TALE OF THE SALE:
Sammy and Sally are inside sales specialists. They work side-by-side at a distributor who specializes in construction materials that are usually sold to medium-sized companies and individual contractors. Most of their business involves selling alternative products to well-known brands. These well-known brands have longer lead times and typically come at a higher cost than the alternative products or “offsets” that Sammy and Sally sell. For that reason, their website sees plenty of Google searches from prospects who want to cut costs and diversify their supply chain. This is a nice spot to be in if you are Sammy and Sally; however, they each handle these leads very differently.
Sally believes that getting free samples into the prospect’s hands as quickly as possible is the key to closing the sale. She frequently emails and calls customer service, asking that samples be sent to these potential customers ASAP. In moving so quickly, however, she rarely asks more than a few questions before approving the samples. She is confident that free samples will turn into business – and she knows it takes some time for contractors to test samples and place orders. Sally doesn’t worry that she hasn’t seen many of these prospects come back and set up accounts yet.
Sally’s counterpart, Sammy, has a much different process when it comes to dealing with contractors who arrive from the website. You see, Sammy has been in the construction materials distribution industry for 15 years. He’s worked for two similar companies previously and understands not only how many of these contractors operate, but how they handle problems. Consequently, Sammy has memorized a list of questions that he asks before deciding that a prospect has earned a free sample.
With his experience, Sammy can spot a contractor who ran out of specialty tape for a job and needs just one more roll. The big distributors only sell specialty tape in cases of 24 rolls – and small business owners hate buying a large quantity that they really don’t need. These are the same type of “prospects” – or, as best-selling author Mark Hunter would call them, “suspects” – to whom Sally "sells" samples. She keeps hanging onto the false hope that these “suspects” will become long-term customers. In reality, however, there isn’t even a chance.
Free customer samples can come in many forms, including demos, materials, trials, test drives, short-time memberships, guest passes, and so on. Early in my career, my ears perked up whenever I was asked to send a “sample”. Often, this request would happen very early in the process – and I would race to get shipping information to customer service and ask them to send it UPS RED ASAP because this lead was hot, hot, hot. That’s exactly what Sally was doing without making the prospect earn the sample. She was getting “happy ears” because her prospects knew they could get her off their backs by asking for samples or mislead her by asking for small volumes of free stuff they needed.

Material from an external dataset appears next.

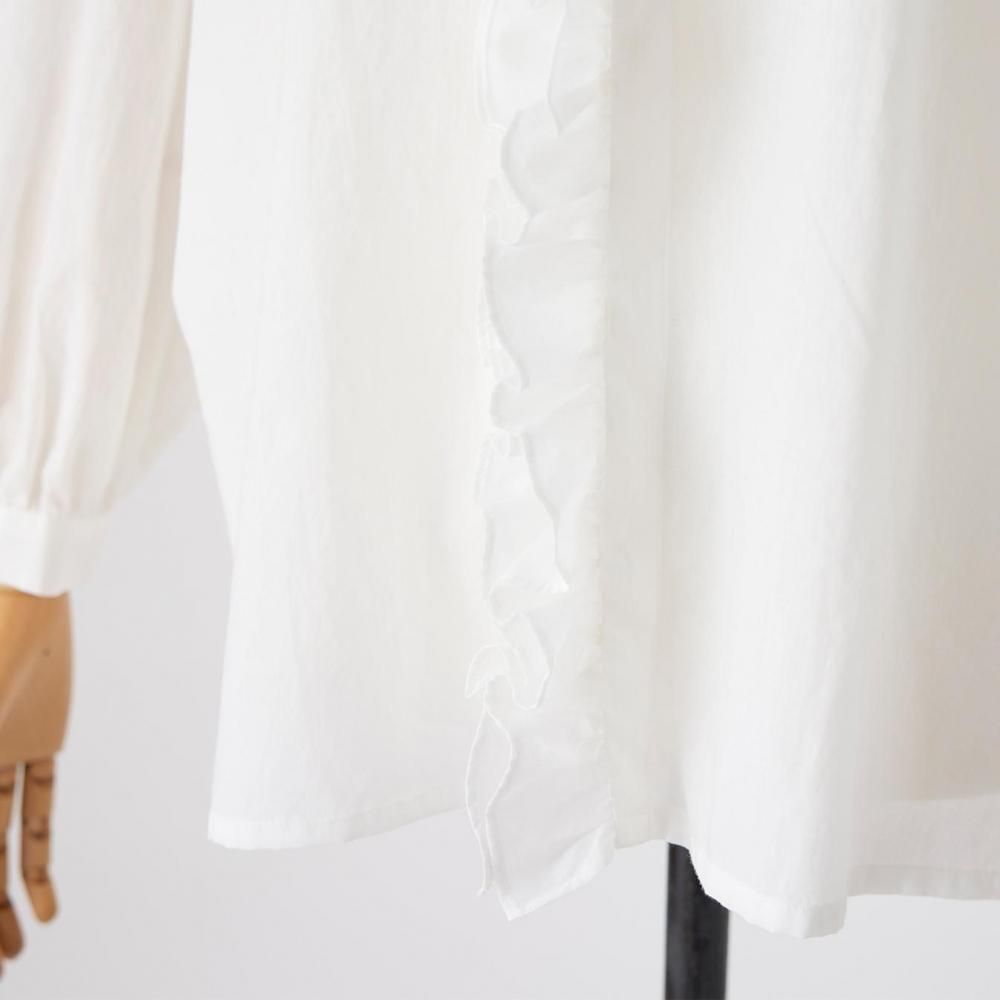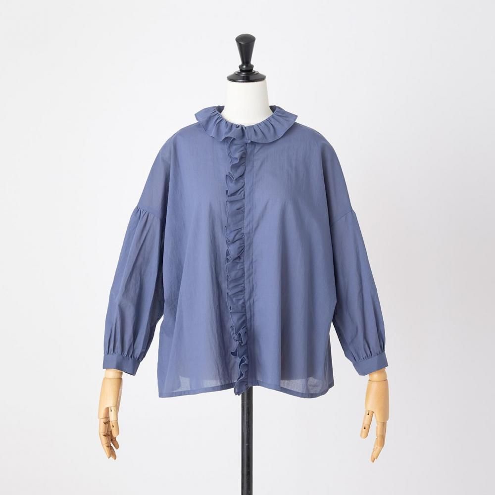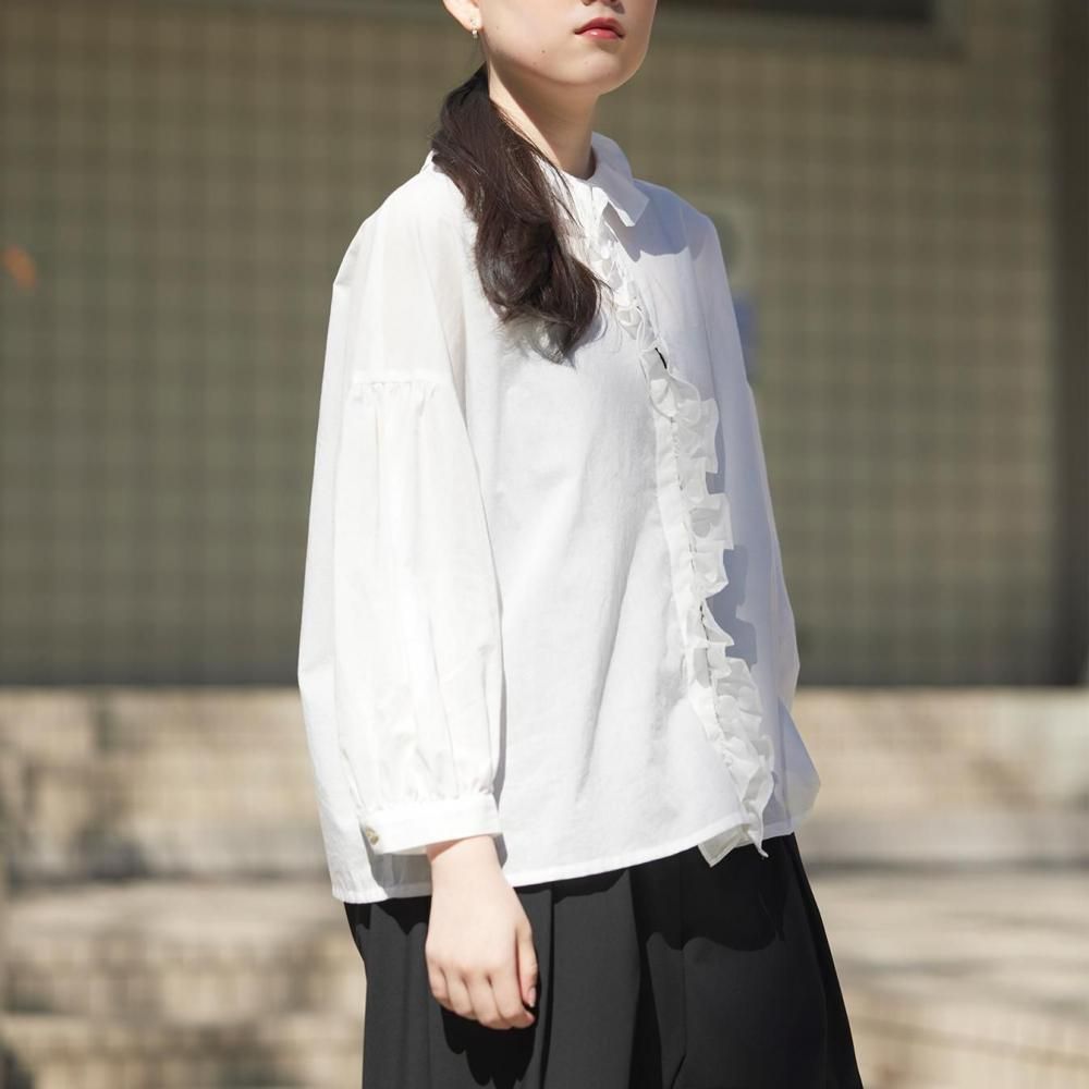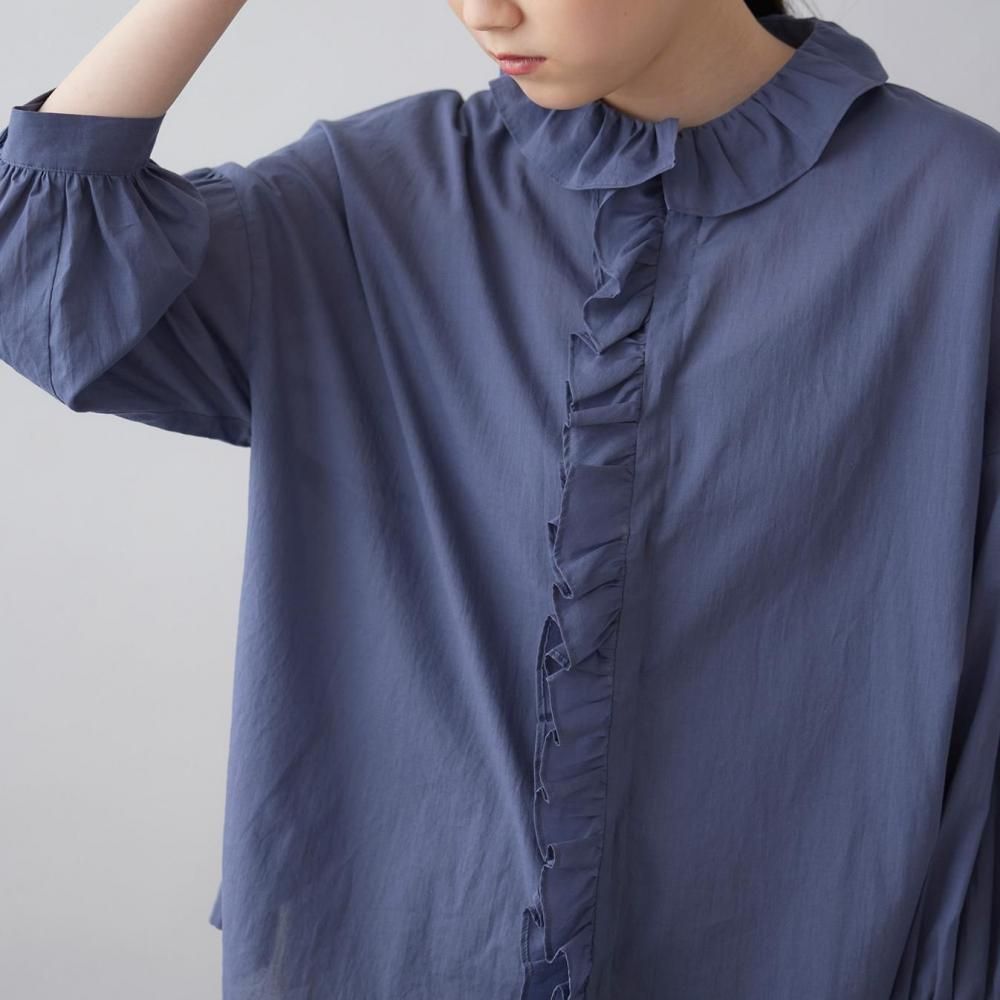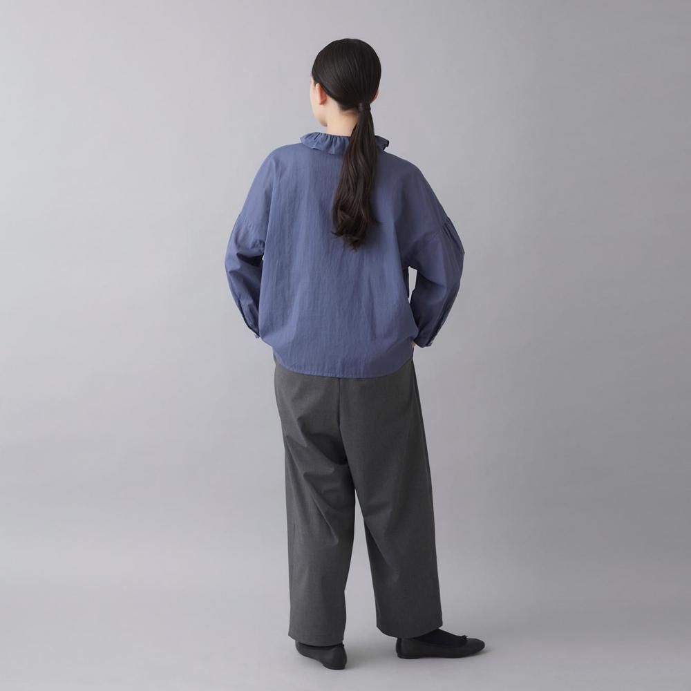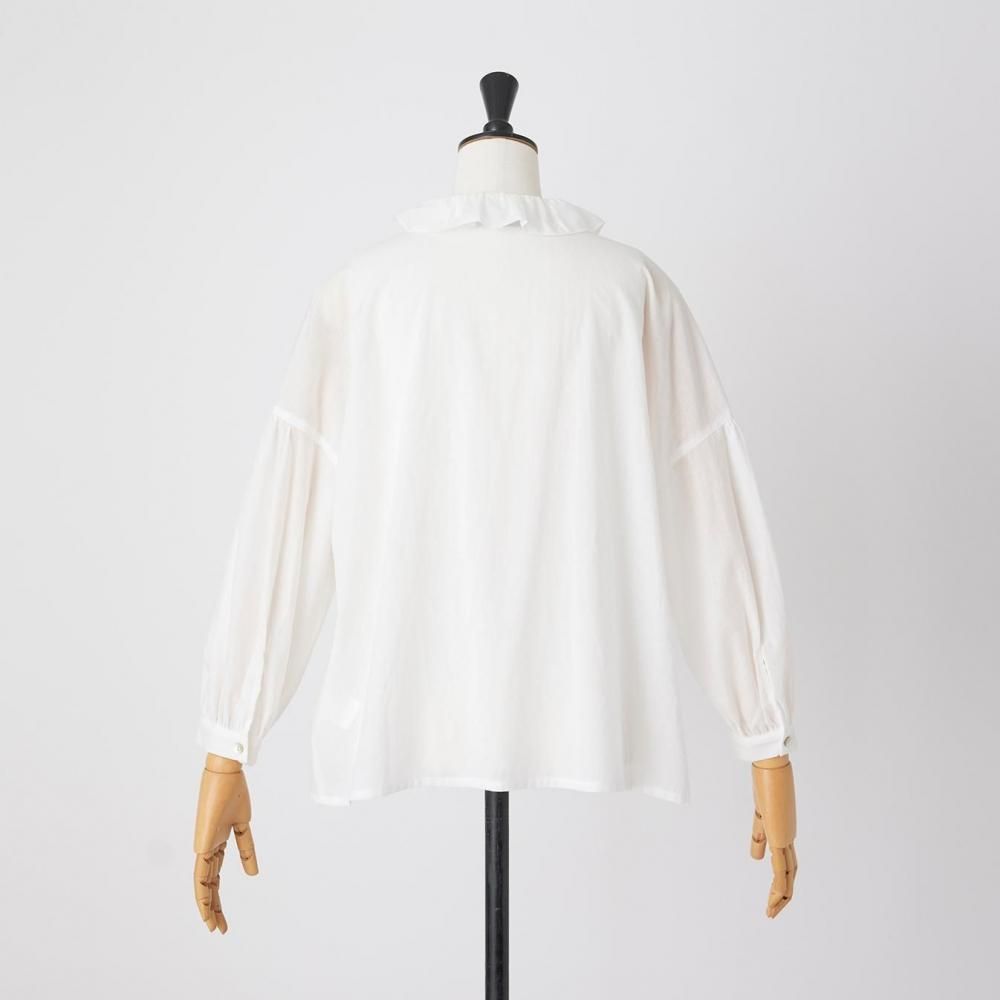 襟元からフロントにかけて施されたフリルが、動くたびに軽やかな表情を添え、袖には細かなギャザーを入れて立体感をプラス。

Sally was not asking deep qualification questions and ended up with a pipeline full of unqualified prospects. This led to a poor year and a sales manager who asked a lot of questions. Sammy did the exact opposite of Sally and sent out very few samples. The difference was Sammy’s policy on samples. Sammy had a great list of questions and made the customer answer them completely and correctly before sending out samples. If he thought the customer didn’t “deserve” the sample, he priced them out at the company minimum order and didn’t make exceptions.
At the end of the year, Sally sent almost 10 times as many samples as Sammy and closed only two new significant customers. By comparison, Sammy closed 12 new significant customers who fit the company’s target market very well.

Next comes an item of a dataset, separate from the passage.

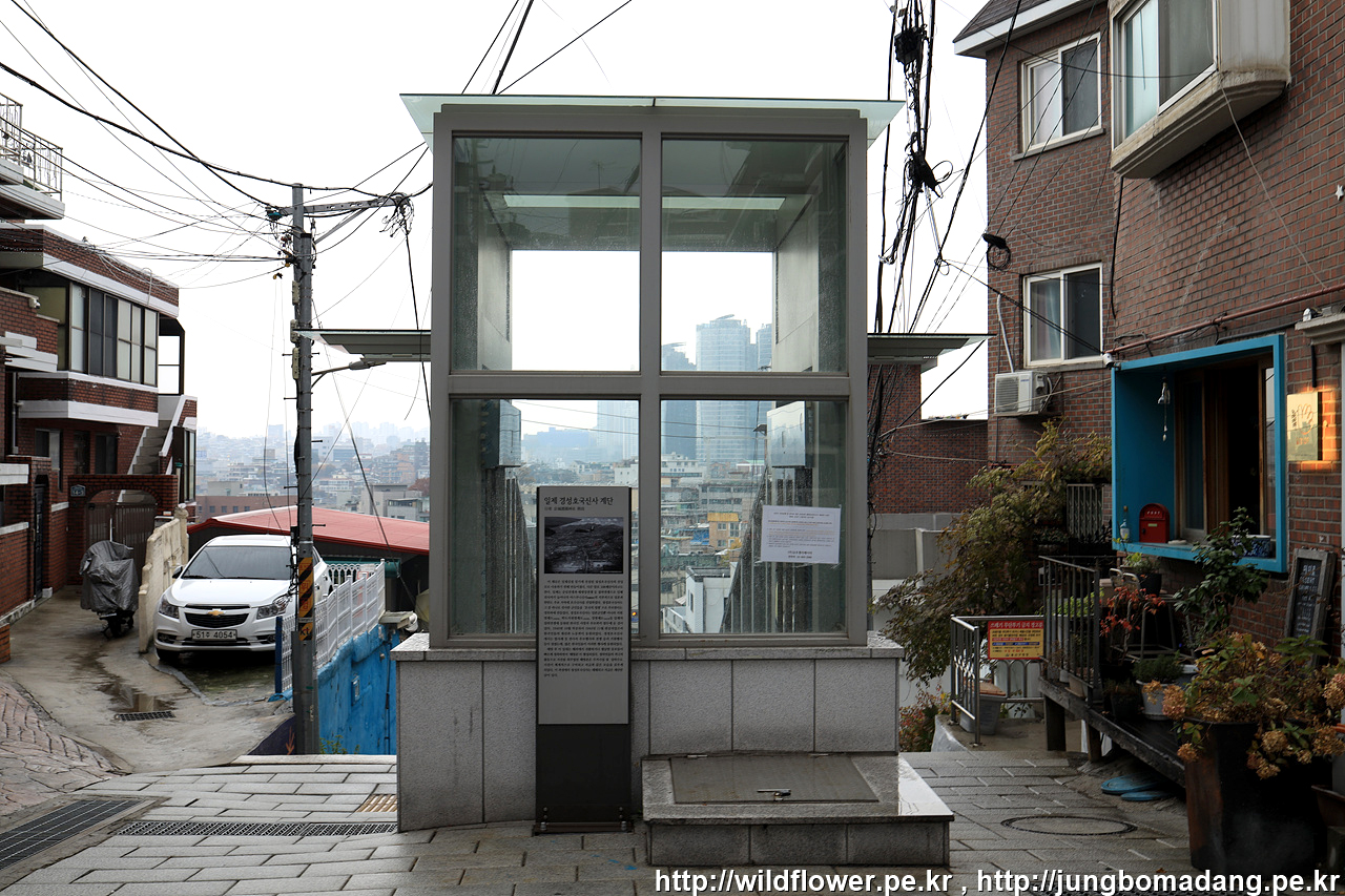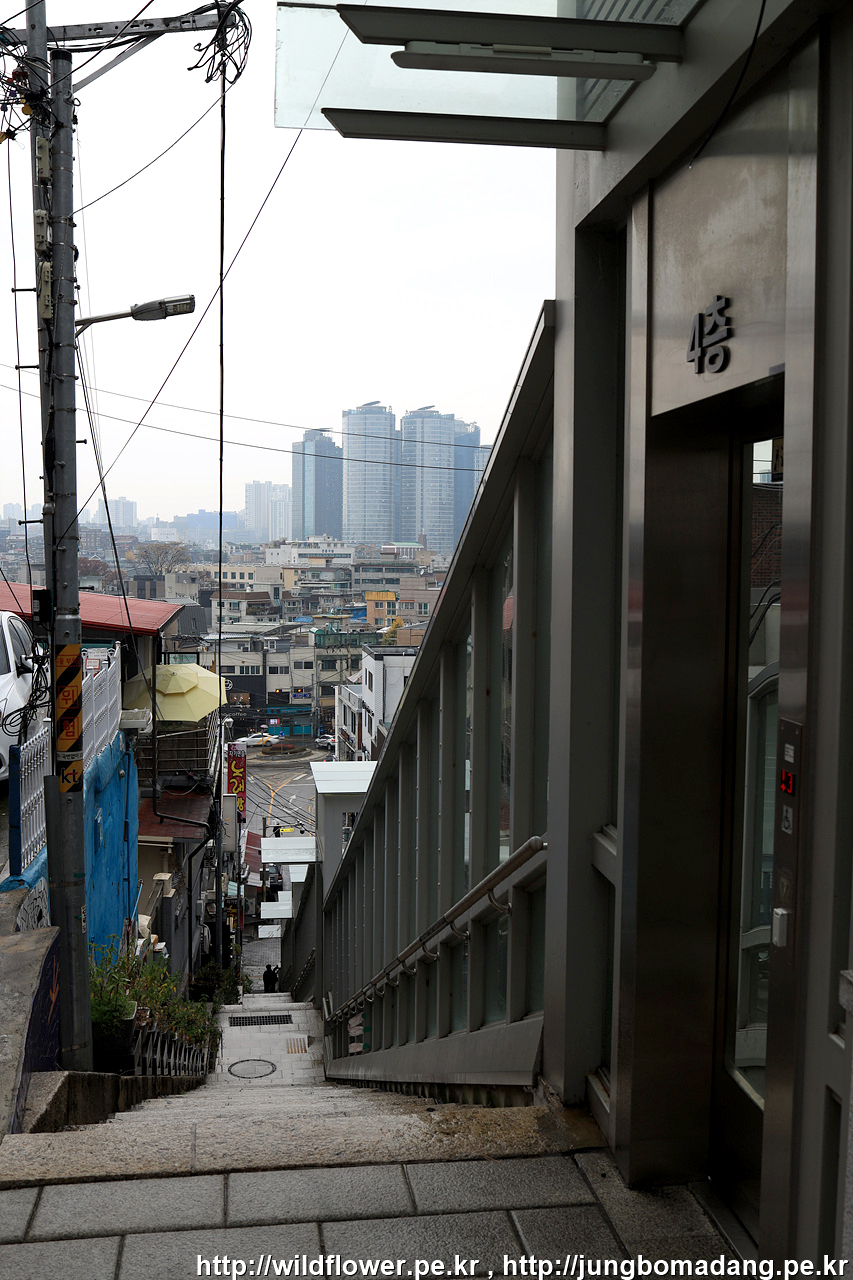 뭔가? 했는 데, 경사로에 승강기가 설치되어 있네요. 108 계단입니다. 승강기는 어르신들에게 양보하고 계단으로 살살 내려갑니다.

LESSON LEARNED FROM THIS TALE OF THE SALE:
The lesson learned here is short and sweet. The number of samples sent, meetings set, demos given, test drives driven, etc. do not show up on sales reports. Only closed sales and real money from new customers do! If you spend your time on unqualified prospects and use anything less than a rigorous qualification process, you will have limited success in sales. Keep a tight focus on who your real target customers are and the problems they need to have in order for your product to benefit them. If you can do that, you will win – and so will your customers. That’s the key to long-term relationships and repeat customers.